Undersea cables carrying 99% of intercontinental data. Data centres consuming 2% of global electricity. 5G towers sprouting at one every thirty seconds. Fibre-optic lines stitching together continents, countries, and communities. This is the physical foundation upon which the entire digital economy rests — hidden in plain sight, profoundly unequal, and expanding faster than any infrastructure system in human history.
Three interdependent layers form the physical substrate of the digital economy — from the ocean floor to the edge of the network.
The infrastructure stack is not merely a technical system — it is a geopolitical asset. The countries and companies that control the physical layer of the internet exercise disproportionate influence over the digital economy. The United States, through its dominance of submarine cable landing stations, IXPs, cloud infrastructure, and content delivery networks, sits at the centre of the global internet's physical topology. China, through its Digital Silk Road initiative, has invested over $80 billion in telecommunications infrastructure across Asia, Africa, and Latin America since 2015 — building not just 5G networks and data centres, but a parallel ecosystem of Huawei and ZTE equipment, BeiDou satellite navigation, and Chinese cloud platforms.
This infrastructure competition is reshaping international relations. The decision by multiple US allies — the UK, Sweden, Australia, Japan — to exclude Huawei from 5G core networks following US pressure in 2020 was not merely a technical choice about "trusted vendors." It was a sovereign decision about which geopolitical sphere a nation's critical digital infrastructure would belong to. Today, the global telecommunications equipment market shows a clear bifurcation: Ericsson and Nokia dominate in North America, Europe, and Japan; Huawei and ZTE dominate in China, most of Africa, and large parts of Southeast Asia and Latin America.
The environmental dimension is equally pressing. Data centres consumed an estimated 240–340 TWh of electricity in 2023 — roughly 1–1.3% of global final electricity demand — with the largest hyperscale facilities now drawing over 100 MW each. In Ireland, data centres accounted for 18% of total national electricity consumption in 2023, prompting a de facto moratorium on new builds in the Dublin area. Water usage for cooling is another concern: a mid-sized data centre can consume 300,000–500,000 litres of water per day. AI training runs exacerbate the trend — training GPT-3 consumed an estimated 700,000 litres of freshwater in Microsoft's US data centres alone. The industry is responding: Google has committed to 24/7 carbon-free energy by 2030, Microsoft aims to be carbon-negative by 2030, and immersion cooling technologies promise 90% reductions in cooling energy.
2.6 billion people remain offline — one-third of humanity. In Least Developed Countries, only 36% of the population uses the Internet, and the gender gap in connectivity stands at 20 percentage points. Urban-rural divides persist even in advanced economies: 14% of rural Americans lack access to broadband at 25/3 Mbps, compared to 2% in urban areas. The cost of closing the global digital divide is estimated at $428 billion — roughly 0.5% of annual global GDP for a one-time investment.
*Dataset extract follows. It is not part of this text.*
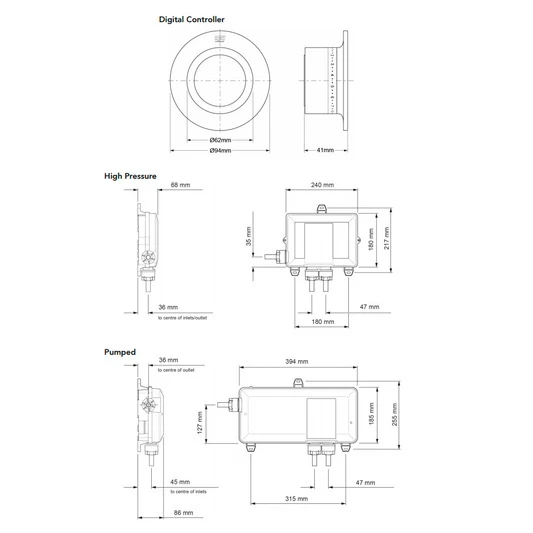- Inlet connections: 15mm push fit (supplied) or 15mm compression
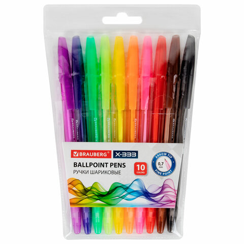 Ручки шариковые BRAUBERG "X-333", НАБОР 10 цветов, узел 0,7 мм, линия 0,35 мм, 144251

Over 70% of the world's hyperscale data centres are concentrated in just three regions: the United States (39%), China (19%), and Europe (14%). Northern Virginia alone — "Data Centre Alley" — hosts over 300 facilities processing 70% of global internet traffic. This concentration creates both resilience risks (single points of failure) and economic dependencies: 14 of the 15 largest submarine cable landing stations are in US-allied territories.
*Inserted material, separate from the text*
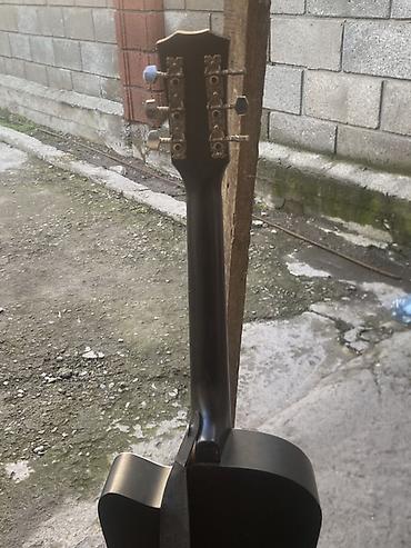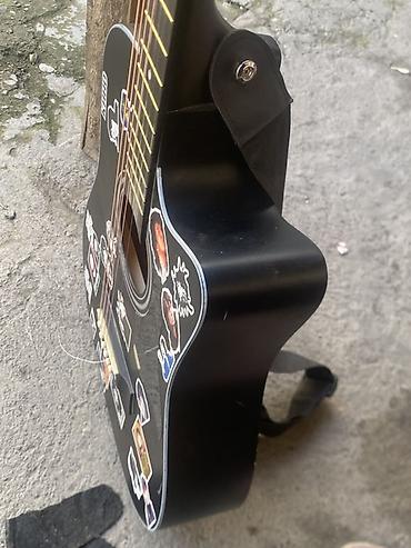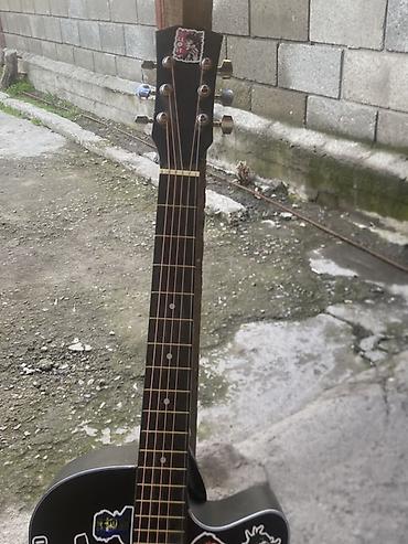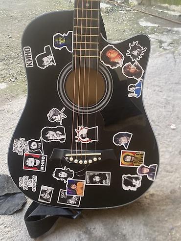 Акустическая гитара 6-струнная, корпус дредноут с вырезом (cutaway), цвет — черный матовый. Украшена наклейками в рок‑стилистике.

The 500+ active submarine cables form a network of extraordinary fragility. Each year, 100–200 cable faults occur — 60% caused by fishing vessels and ship anchors, 15% by natural hazards. Repair requires specialised ships stationed in strategic locations, and a single fault can reduce intercontinental capacity by 30–60% on affected routes. New cables like 2Africa (45,000 km, circling the continent) and SEA-ME-WE 6 (21,700 km, linking Southeast Asia to Europe) are expanding capacity, but vulnerable chokepoints — the Malacca Strait, the Suez Canal, the Luzon Strait — remain critical single points of failure.
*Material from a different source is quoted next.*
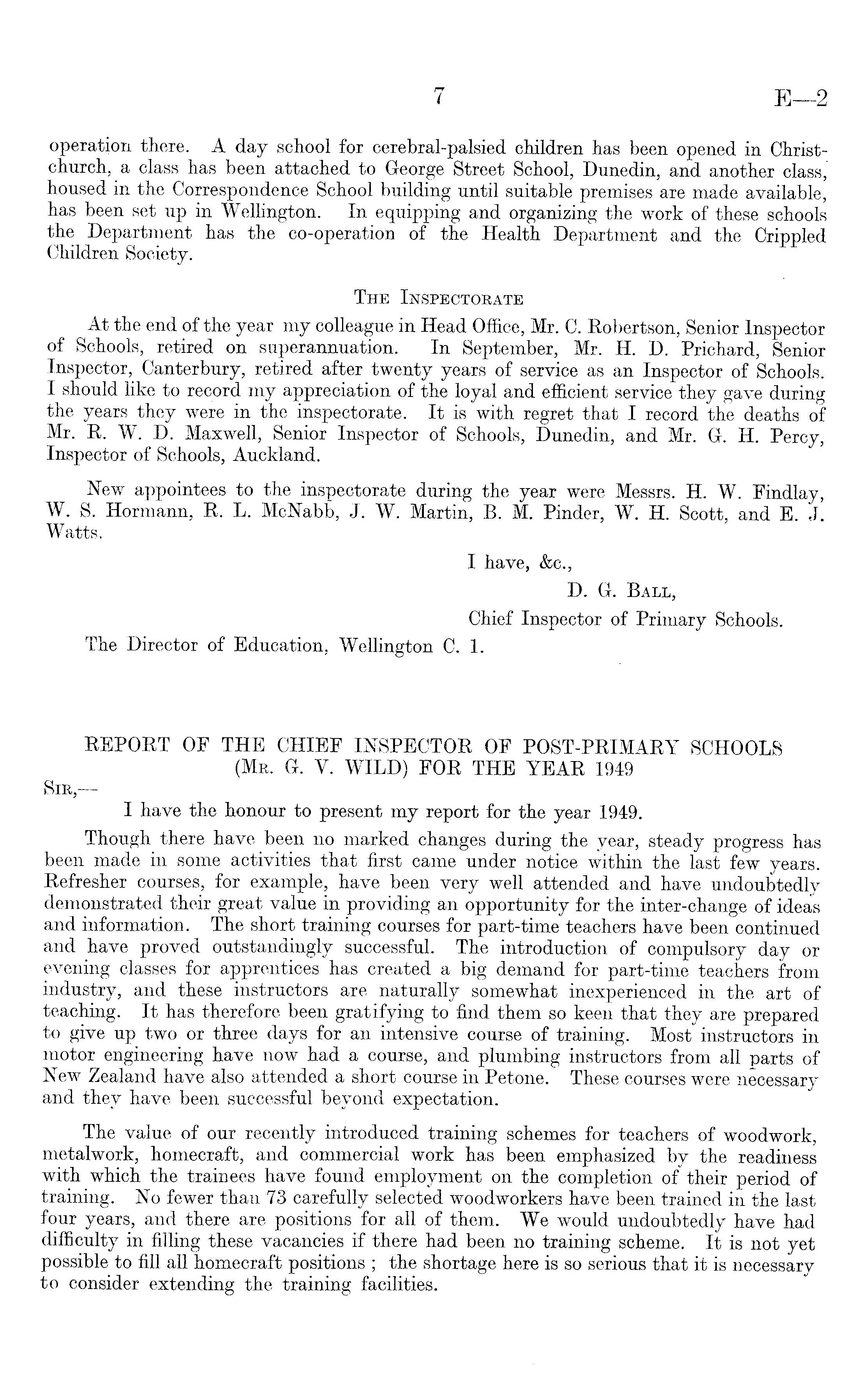 operation there. A day school for cerebral-palsied children has been opened in Christchurch, a class has been attached to George Street School, Dunedin, and another class, housed in the Correspondence School building until suitable premises are made available, has been set up in Wellington. In equipping and organizing the work of these schools the Department has the co-operation of the Health Department and the Crippled Children Society. The Inspectorate At the end of the year my colleague in Head Office, Mr. C. Robertson, Senior Inspector of Schools, retired on superannuation. In September, Mr. H. D. Prichard, Senior Inspector, Canterbury, retired after twenty years of service as an Inspector of Schools. I should like to record my appreciation of the loyal and efficient service they gave during the years they were in the inspectorate. It is with regret that I record the deaths of Mr. E. W. D. Maxwell, Senior Inspector of Schools, Dunedin, and Mr. G. H. Percy, Inspector of Schools, Auckland. New appointees to the inspectorate during the year were Messrs. H. W. Findlay, W. S. Hormann, R. L. McNabb, J. W. Martin, B. M. Pinder, W. H. Scott, and E. J. Watts. I have, &c, D. G. Ball, Chief Inspector of Primary Schools. The Director of Education, Wellington C. 1. REPORT OF THE CHIEF INSPECTOR OF POST-PRIMARY SCHOOLS (Mr. G. V. WILD) FOR THE YEAR 1949 Sir I have the honour to present my report for the year 1949. Though there have been no marked changes during the year, steady progress has been made in some activities that first came under notice within the last few years. Refresher courses, for example, have been very well attended and have undoubtedly demonstrated their great value in providing an opportunity for the inter-change of ideas and information. The short training courses for part-time teachers have been continued and have proved outstandingly successful. The introduction of compulsory day or evening classes for apprentices has created a big demand for part-time teachers from industry, and these instructors are naturally somewhat inexperienced in the art of teaching. It has therefore been gratifying to find them so keen that they are prepared to give up two or three days for an intensive course of training. Most instructors in motor engineering have now had a course, and plumbing instructors from all parts of New Zealand have also attended a short course in Petone. These courses were necessary and they have been successful beyond expectation. The value of our recently introduced training schemes for teachers of woodwork, metalwork, homecraft, and commercial work has been emphasized by the readiness with which the trainees have found employment on the completion of their period of training. No fewer than 73 carefully selected woodworkers have been trained in the last four years, and there are positions for all of them. We would undoubtedly have had difficulty in filling these vacancies if there had been no training scheme. It is not yet possible to fill all homecraft positions ; the shortage here is so serious that it is necessary to consider extending the training facilities.

Connecting the remaining unconnected requires fundamentally different economics. In rural sub-Saharan Africa, the average revenue per user is under $3/month — far below the $20–40/month needed to justify traditional fibre or tower deployments. Satellite internet (Starlink, OneWeb, Project Kuiper), TV White Space technology, and community networks offer new models. Meanwhile, mobile money — used by 1.6 billion people, predominantly in developing economies — is proving to be the most powerful on-ramp to digital participation, demonstrating that connectivity alone is not enough: the infrastructure must enable economic agency.